Here, we’ll transform, validate and register two flow cytometry datasets (Alpert19 and FlowIO sample) to demonstrate how to create and query a custom flow cytometry registry.

!lamin init --storage ./test-flow --schema bionty
Hide code cell output
💡 creating schemas: core==0.46.3 bionty==0.30.2 
✅ saved: User(id='DzTjkKse', handle='testuser1', email='testuser1@lamin.ai', name='Test User1', updated_at=2023-08-31 00:33:05)
✅ saved: Storage(id='NiTcUlxC', root='/home/runner/work/lamin-usecases/lamin-usecases/docs/test-flow', type='local', updated_at=2023-08-31 00:33:05, created_by_id='DzTjkKse')
✅ loaded instance: testuser1/test-flow
💡 did not register local instance on hub (if you want, call `lamin register`)

import lamindb as ln
import lnschema_bionty as lb
import readfcs

lb.settings.species = "human"
✅ loaded instance: testuser1/test-flow (lamindb 0.51.2)
ln.track()
💡 notebook imports: lamindb==0.51.2 lnschema_bionty==0.30.2 readfcs==1.1.6
✅ saved: Transform(id='OWuTtS4SAponz8', name='Validate & register flow cytometry data', short_name='flow', version='0', type=notebook, updated_at=2023-08-31 00:33:08, created_by_id='DzTjkKse')
✅ saved: Run(id='brWmI66Jm8AhdPJqkSMs', run_at=2023-08-31 00:33:08, transform_id='OWuTtS4SAponz8', created_by_id='DzTjkKse')

Alpert19#

Transform #

(Here we skip steps of data transformations, which often includes filtering, normalizing, or formatting data.)

We start with a flow cytometry file from Alpert19:

ln.dev.datasets.file_fcs_alpert19(
    populate_registries=True,  # pre-populate registries to simulate an used instance
)


PosixPath('Alpert19.fcs')

Use readfcs to read the fcs file into memory:

adata = readfcs.read("Alpert19.fcs")
adata
AnnData object with n_obs × n_vars = 166537 × 40
    var: 'n', 'channel', 'marker', '$PnB', '$PnE', '$PnR'
    uns: 'meta'

Validate #

First, let’s validate the features in .var.

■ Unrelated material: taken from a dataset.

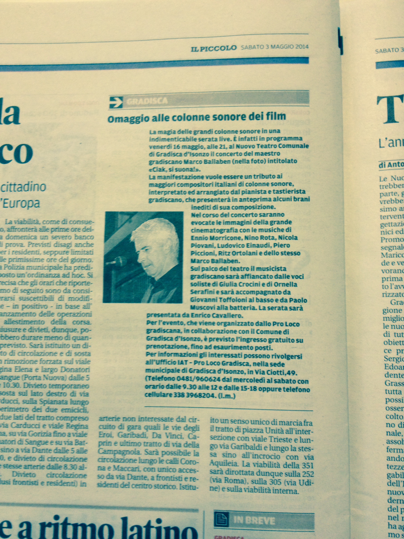 È uno spettacolo/concerto dedicato ai maggiori compositori italiani di colonne sonore, quali Ennio Morricone, Nino Rota, Nicola Piovani, Piero Piccioni, Ludovico Einaudi. In quell’occasione ho presentato per la prima volta alcuni brani di mia composizione.

We’ll use the CellMarker reference to link features:

lb.CellMarker.validate(adata.var.index, "name");
27 terms (67.50%) are validated for name
13 terms (32.50%) are not validated for name: Time, Cell_length, Dead, (Ba138)Dd, Bead, CD19, CD4, IgD, CD11b, CD14, CCR6, CCR7, PD-1

We see that many features aren’t validated. Let’s standardize the identifiers first to get rid of synonyms:

adata.var.index = lb.CellMarker.standardize(adata.var.index)
💡 standardized 35/40 terms

Great, now we can validate our markers once more:

validated = lb.CellMarker.validate(adata.var.index, "name")
35 terms (87.50%) are validated for name
5 terms (12.50%) are not validated for name: Time, Cell_length, Dead, (Ba138)Dd, Bead

Things look much better, but we still have 5 CellMaker records that seem more like metadata. Hence, let’s curate the AnnData object a bit more.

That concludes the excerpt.